Lowbush blueberries grow shorter than their highbush counterparts, only reaching a little more than a foot tall, and they desire less pruning. On the other hand, northern highbush types grow five to nine feet tall and want consistent pruning.
Southern highbush types are hybrids that grow six to eight feet tall and are great for growing in areas with mild winters.
Rabbiteye blueberries grow six to ten feet tall and thrive during long, hot summers but are more susceptible to cold damage than northern varieties. Half-high types like Bluecrop grow three to four feet tall and tolerate temperatures between 35 and 45°F.
How Much Sun do Blueberries Need?
Are blueberries picky about soil type, and how much sun do blueberries need? Blueberry shrubs need the right amount of sun to flourish and enjoy growing in acidic soil similar to azaleas. Here are the growing conditions blueberries need to thrive.
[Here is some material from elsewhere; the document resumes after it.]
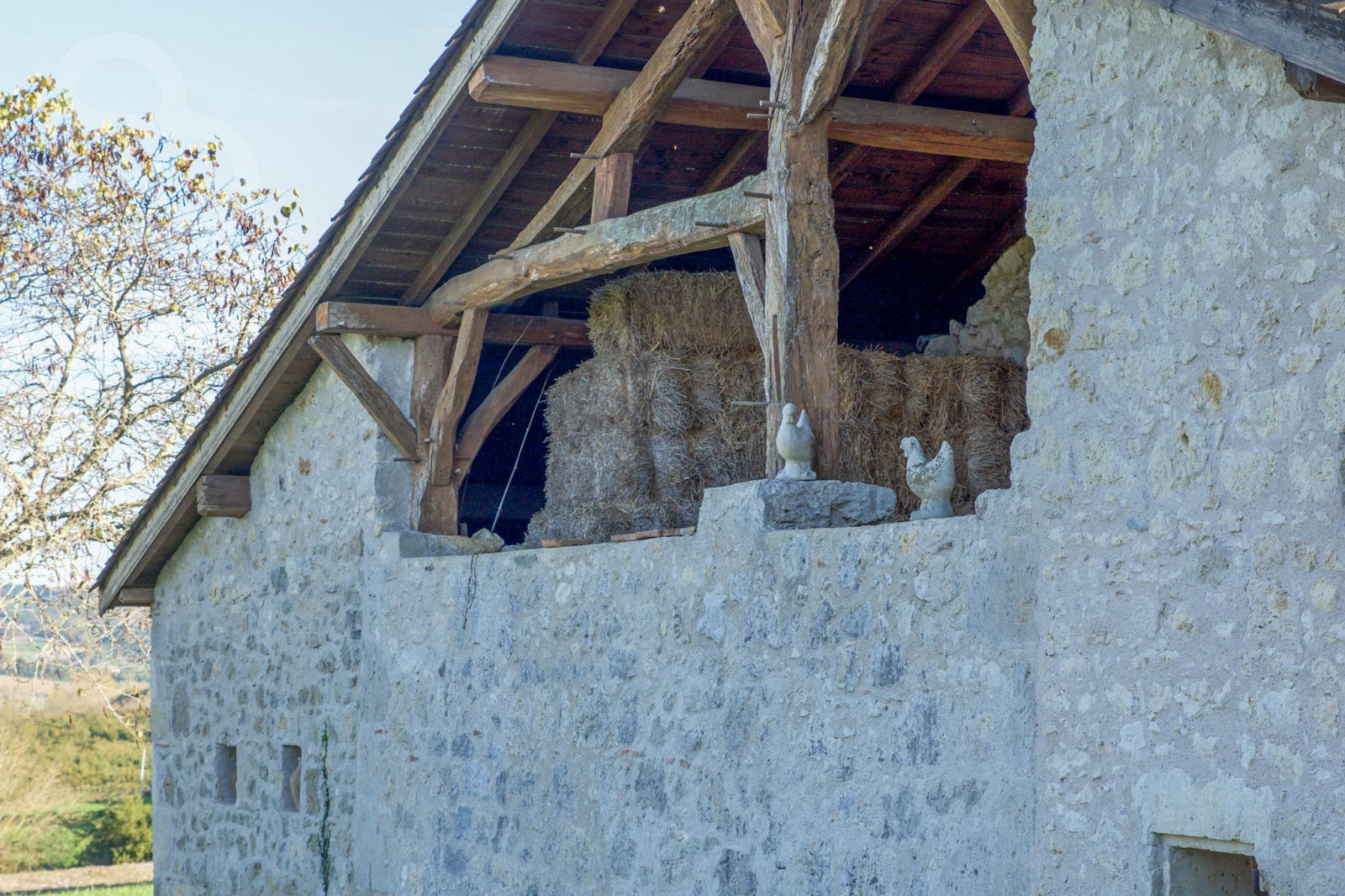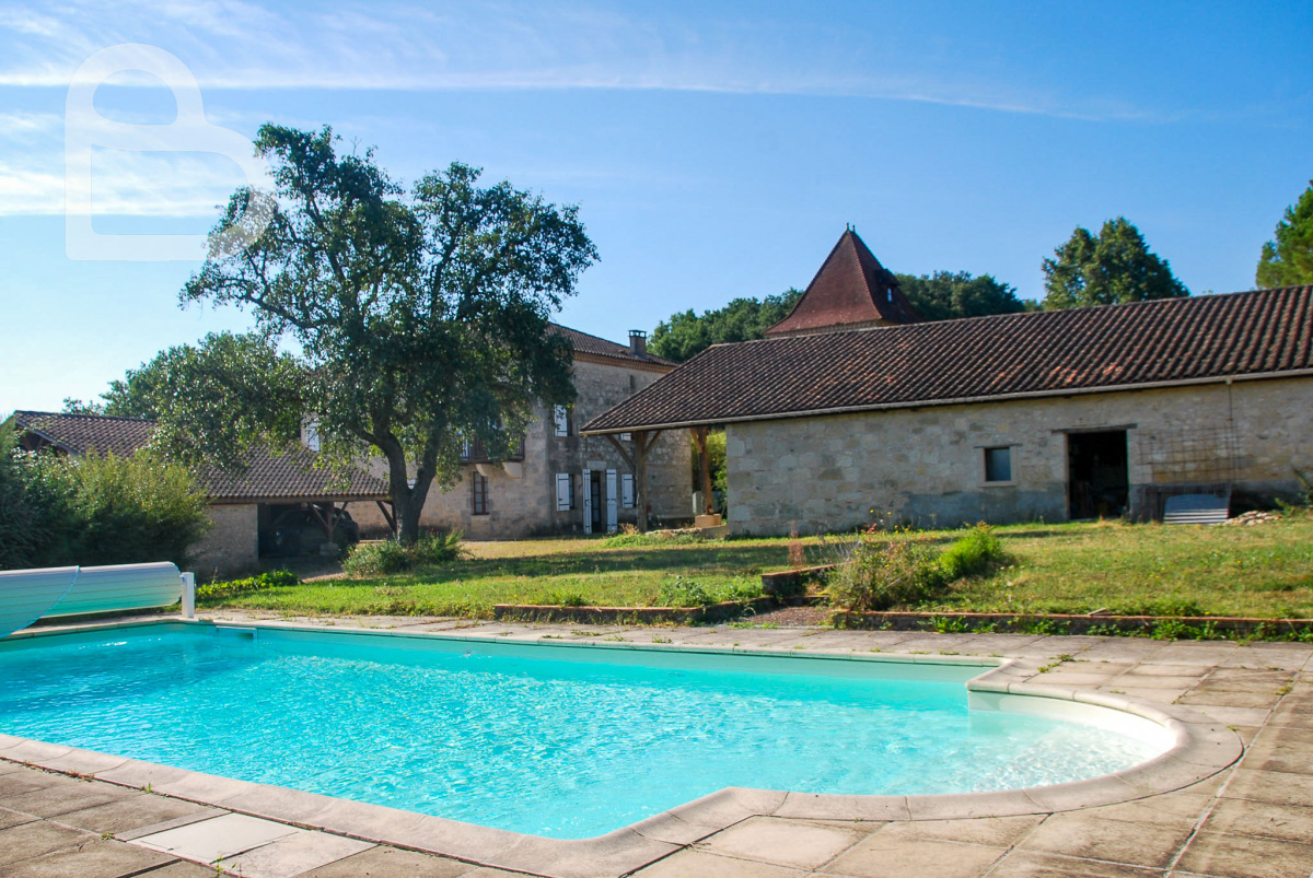 Dans le département du Lot-et-Garonne, nous trouvons, entouré de champs et d'arbres fruitiers, ce domaine extrêmement calme de 5,7 ha. La propriété, dont une partie date du XVIe siècle, se compose d'une grande maison principale, d'un pigeonnier indépendant dans lequel se trouve un gîte, de deux granges et d'une piscine. Les bâtiments ont été entièrement restaurés il y a une vingtaine d'années, tout en conservant de nombreux éléments authentiques.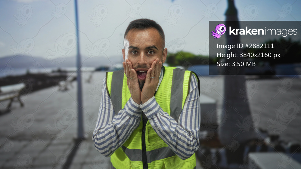 Man with hands on cheeks showing surprise in street wearing reflective vest and striped shirt; safety alert surprise.

How much sunlight do blueberry bushes need? Blueberry bush sun requirements are pretty similar to other plants, and they flourish in full sun while tolerating partial shade. For optimal results, plant your berries in an area where they receive six to eight hours of sunshine daily.
Blueberries prefer acidic soil like the rhododendron, and it’s essential to perform a soil test or send a sample to your cooperative extension office to ensure the soil pH is between 4.0 and 5.0. If the pH is too high, the berry plant growth slows, the leaves discolor, and the blueberry shrub may die.
If your garden is not acidic, consider mixing pine bark, pine needles, sawdust, peat moss, or other organic matter into the planting area.
Spacing varies with blueberries. Blueberries have a shallow root system, and you can plant them as close as two feet apart to form hedgerows or space them up to six feet apart so that they grow individually.
How and Where to Plant Blueberries
The best place to grow a blueberry shrub is in a full sun or partial shade location. Test your soil for acidity at your local cooperative extension office. Once you pick the perfect area of your yard for growing blueberries with the correct soil pH and sunshine and purchase a plant from your local garden center, it’s time to get to planting.
When choosing blueberry plants, make sure to purchase those that are winter hardy to your USDA zone and pick bare-root plants or nursery plants that are at least two to three years old. If you plant blueberries in raised beds, make sure the bed is eight to twelve inches high and two to five feet wide.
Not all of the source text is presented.